Problem statement — All entries must be repeated exactly; do not include the pictures.
▬▬▬
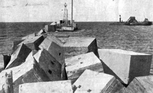 Dienvidu mols aptuveni 1930. gados. Tad mola virsmu noklāj ar betona bluķiem.
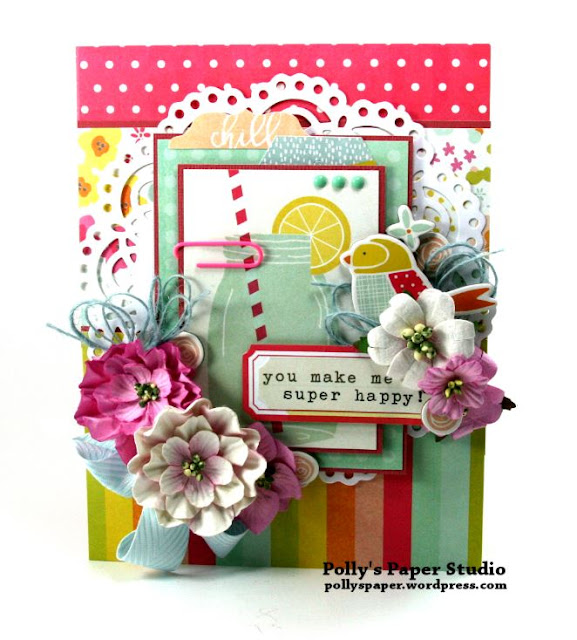 I can almost feel the salt spray on my face and hear the crashing waves on the shore. I used Webster's Pages Yacht Club papers to make this card. It's an oldie but a goodie from my stash. I fussy cut the lighthouse, flowers and ship's wheel from the paper collection, inked all the edges and then layered them with foam dots to create lots of dimension.
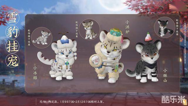 风雪之间,三只幼豹萌动现世,为江湖增添一抹趣味生机!全新“豹抱”系列挂宠各有特色:“小冰酪”活泼机灵,总爱四处撒欢;“小洪炉”慵懒随性,最爱窝着打盹;“小酥山”聪颖狡黠,藏着许多小心机。雪豹幼崽憨态可掬,娇小可爱,既有趣又治愈,陪伴你闯荡江湖,为你的江湖之旅增添无限欢乐与温暖。
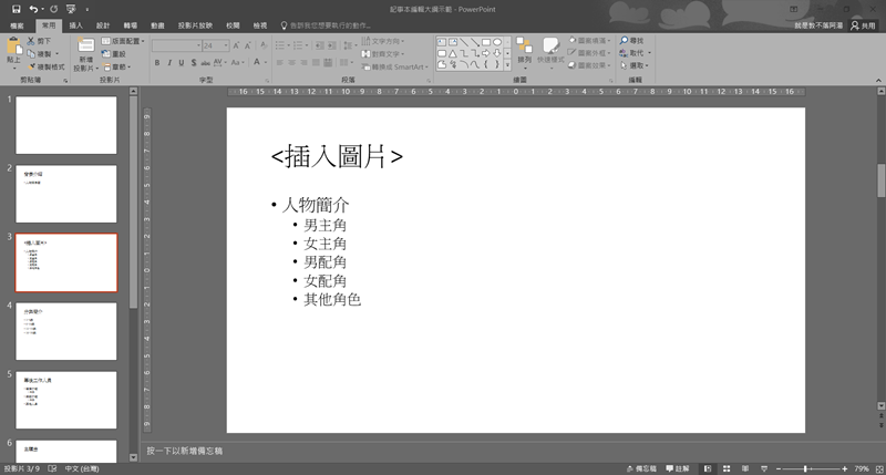 重點來了,將你一層層的大、中、小標題,使用鍵盤上的「Tab」鍵來調整,投影片第一行的大標不用更動,第二層的話就將游標移到文字前方,按一次「Tab」,第三層就按兩次,以此類推,最後完成就會像下圖這樣的結構。
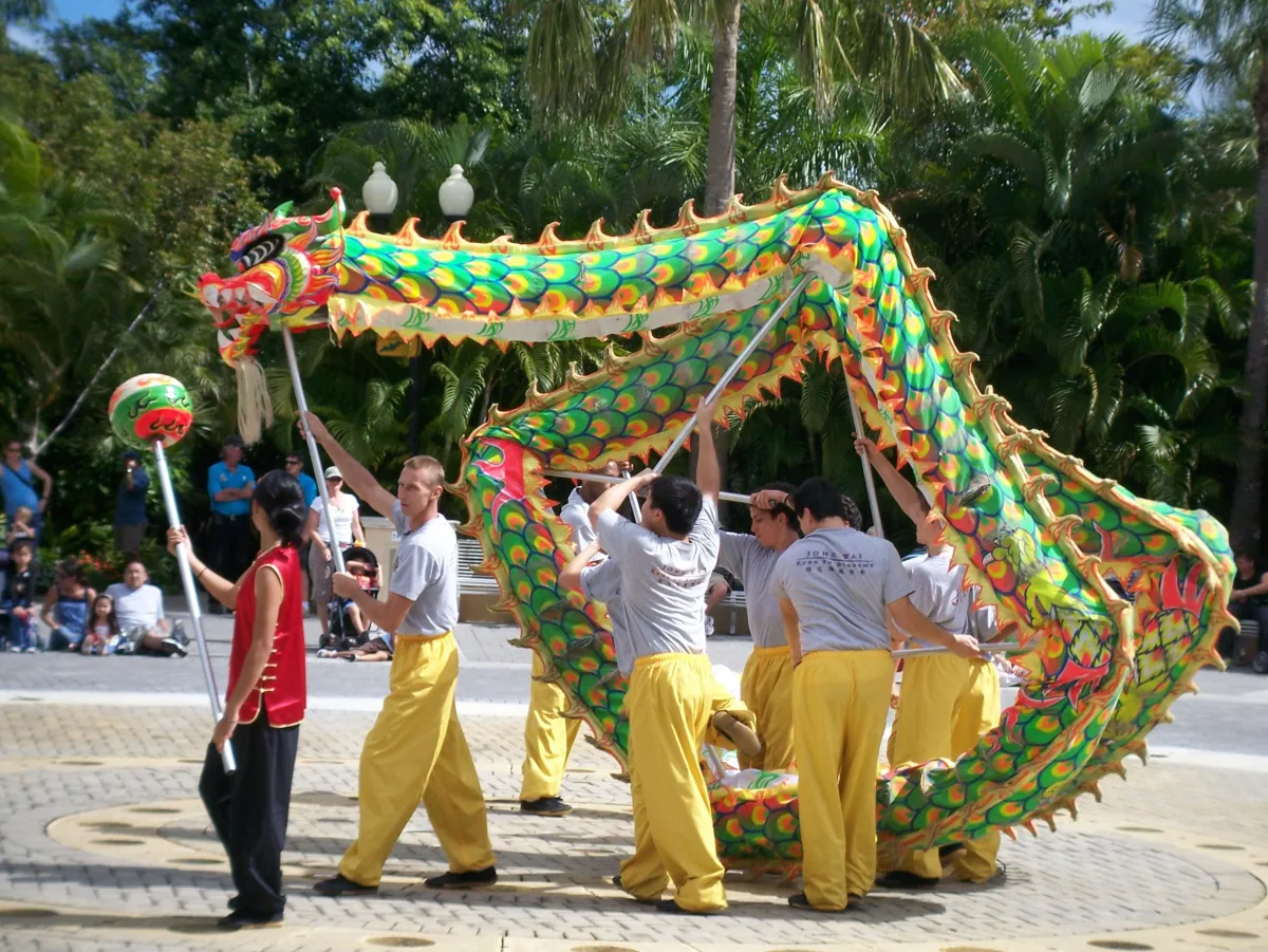 Stretching over 50 feet, the dragon ripples through the air in wave-like patterns, each section guided by the rhythm of drums, gongs, and cymbals. Every color on the dragon carries meaning: green for growth, gold and silver for prosperity, yellow for honor, and red for good fortune.
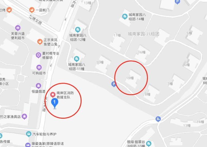 百度地图显示,着火楼栋不到一百米就是南岸区消防救援支队驻地。
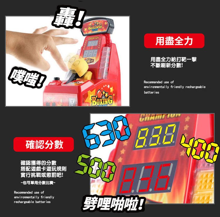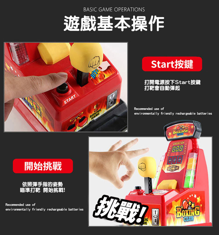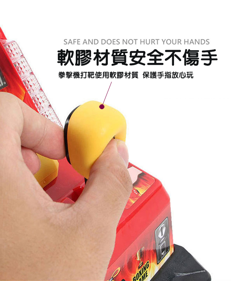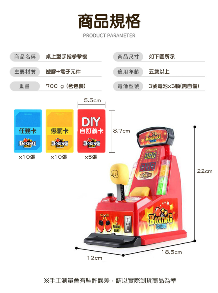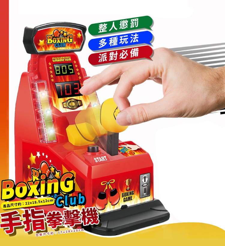 品名:桌上型手指拳擊機/彈指桌遊/指力格鬥遊戲機~英文版(派對團康/親子互動玩具) 適用年齡:5歲以上 材質:塑膠、電子元件 電池:3號電池3顆(需自備) 包裝尺寸:17x20x28 cm 重量:700 g BSMI商檢字號:M55080
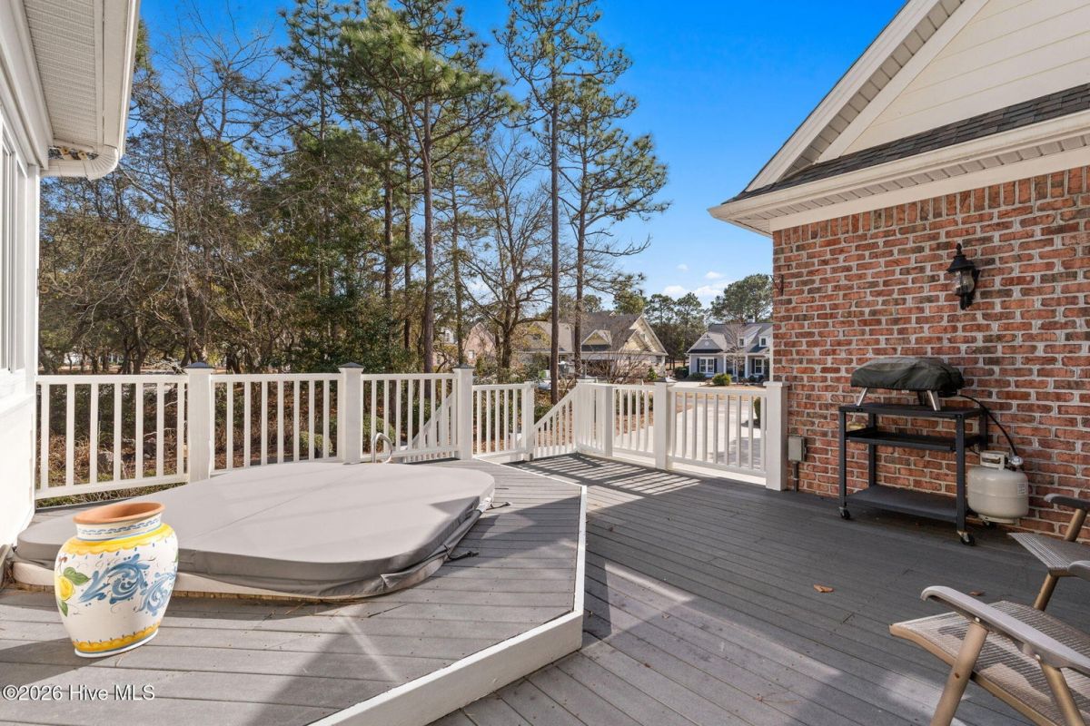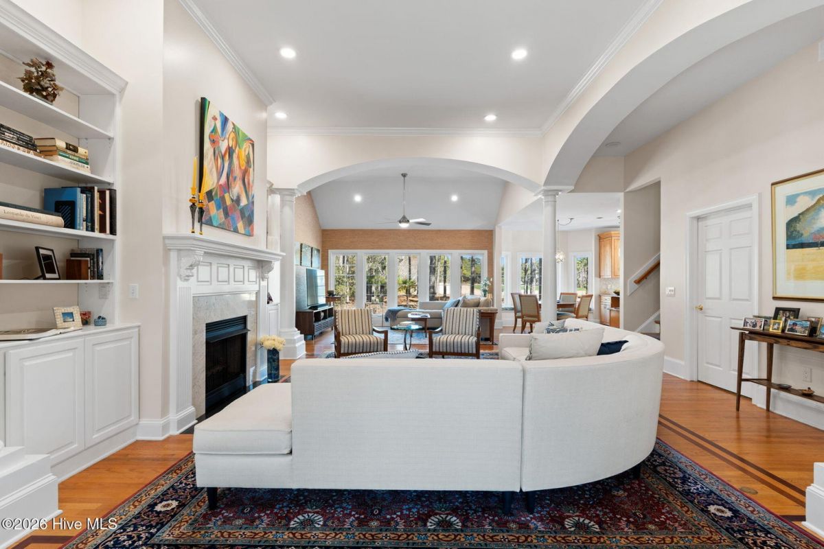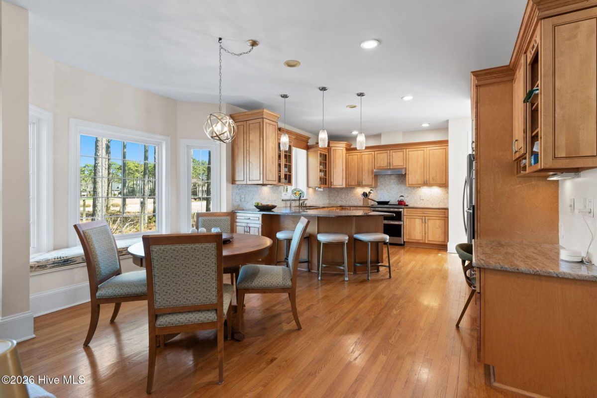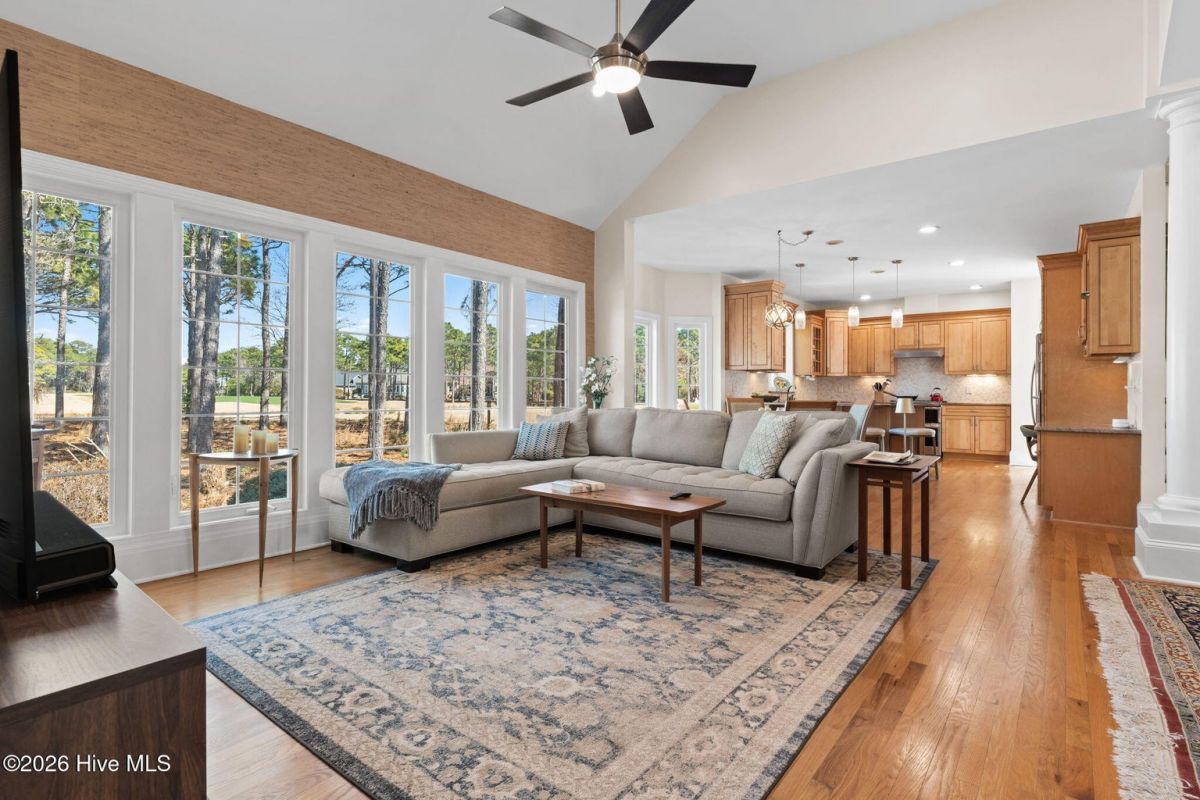 Perfectly poised along the 4th green of The Players Club, this distinguished executive residence captures sweeping, unobstructed golf course views and timeless elegance. Designed for the discerning buyer, the home blends refined craftsmanship with gracious indoor-outdoor living. Upon entry, expansive windows frame breathtaking fairway vistas, flooding the open floor plan with natural light. Soaring ceilings, curated architectural accents, and solid oak hardwood floors defined by a striking double maple inlay create a warm yet sophisticated aesthetic. Living area is anchored by a custom fireplace with inlaid Carrara marble, flanked by bespoke cabinetry. Library offers tranquil garden views filtered through a Japanese maple, while the formal dining room impresses with glass-front custom cabinetry, illuminated shelving, a granite sideboard. The butler's pantry elegantly appointed with granite countertops, glass cabinetry, under-cabinet lighting, and a wine fridge connecting to the chef's kitchen. Kitchen features abundant custom storage, pull-out cabinetry, double ovens, built-in wall oven and microwave, GE Profile silent dishwasher, reverse osmosis system, breakfast nook with built-in window seating overlooking a master gardener-designed English garden. The main-level primary suite is a private sanctuary with a bay window, expansive custom walk-in closet, and a spa-inspired bath adorned with chandelier lighting, leaded glass window, soaking tub, and multi-head walk-in shower. A discreetly enclosed laundry area enhances convenience. Upstairs, flexible living spaces include an office/project room, spacious guest bedroom, and an additional large suite w/ 2 built in bunks, room for seating and an additional king bed. Huge sunroom surrounded by windows and incredible views of the golf course and wooded area. Large deck is perfect for entertaining with hot tub. Garage with new mini split, high ceilings, work bench and room for 2 large cars. Recently reduced. One of the best deals in St James.
▬▬▬
Result for this exercise —
 Dienvidu mols aptuveni 1930. gados. Tad mola virsmu noklāj ar betona bluķiem.
 I can almost feel the salt spray on my face and hear the crashing waves on the shore. I used Webster's Pages Yacht Club papers to make this card. It's an oldie but a goodie from my stash. I fussy cut the lighthouse, flowers and ship's wheel from the paper collection, inked all the edges and then layered them with foam dots to create lots of dimension.
 风雪之间,三只幼豹萌动现世,为江湖增添一抹趣味生机!全新“豹抱”系列挂宠各有特色:“小冰酪”活泼机灵,总爱四处撒欢;“小洪炉”慵懒随性,最爱窝着打盹;“小酥山”聪颖狡黠,藏着许多小心机。雪豹幼崽憨态可掬,娇小可爱,既有趣又治愈,陪伴你闯荡江湖,为你的江湖之旅增添无限欢乐与温暖。
 重點來了,將你一層層的大、中、小標題,使用鍵盤上的「Tab」鍵來調整,投影片第一行的大標不用更動,第二層的話就將游標移到文字前方,按一次「Tab」,第三層就按兩次,以此類推,最後完成就會像下圖這樣的結構。
 Stretching over 50 feet, the dragon ripples through the air in wave-like patterns, each section guided by the rhythm of drums, gongs, and cymbals. Every color on the dragon carries meaning: green for growth, gold and silver for prosperity, yellow for honor, and red for good fortune.
 百度地图显示,着火楼栋不到一百米就是南岸区消防救援支队驻地。
 品名:桌上型手指拳擊機/彈指桌遊/指力格鬥遊戲機~英文版(派對團康/親子互動玩具) 適用年齡:5歲以上 材質:塑膠、電子元件 電池:3號電池3顆(需自備) 包裝尺寸:17x20x28 cm 重量:700 g BSMI商檢字號:M55080
 Perfectly poised along the 4th green of The Players Club, this distinguished executive residence captures sweeping, unobstructed golf course views and timeless elegance. Designed for the discerning buyer, the home blends refined craftsmanship with gracious indoor-outdoor living. Upon entry, expansive windows frame breathtaking fairway vistas, flooding the open floor plan with natural light. Soaring ceilings, curated architectural accents, and solid oak hardwood floors defined by a striking double maple inlay create a warm yet sophisticated aesthetic. Living area is anchored by a custom fireplace with inlaid Carrara marble, flanked by bespoke cabinetry. Library offers tranquil garden views filtered through a Japanese maple, while the formal dining room impresses with glass-front custom cabinetry, illuminated shelving, a granite sideboard. The butler's pantry elegantly appointed with granite countertops, glass cabinetry, under-cabinet lighting, and a wine fridge connecting to the chef's kitchen. Kitchen features abundant custom storage, pull-out cabinetry, double ovens, built-in wall oven and microwave, GE Profile silent dishwasher, reverse osmosis system, breakfast nook with built-in window seating overlooking a master gardener-designed English garden. The main-level primary suite is a private sanctuary with a bay window, expansive custom walk-in closet, and a spa-inspired bath adorned with chandelier lighting, leaded glass window, soaking tub, and multi-head walk-in shower. A discreetly enclosed laundry area enhances convenience. Upstairs, flexible living spaces include an office/project room, spacious guest bedroom, and an additional large suite w/ 2 built in bunks, room for seating and an additional king bed. Huge sunroom surrounded by windows and incredible views of the golf course and wooded area. Large deck is perfect for entertaining with hot tub. Garage with new mini split, high ceilings, work bench and room for 2 large cars. Recently reduced. One of the best deals in St James.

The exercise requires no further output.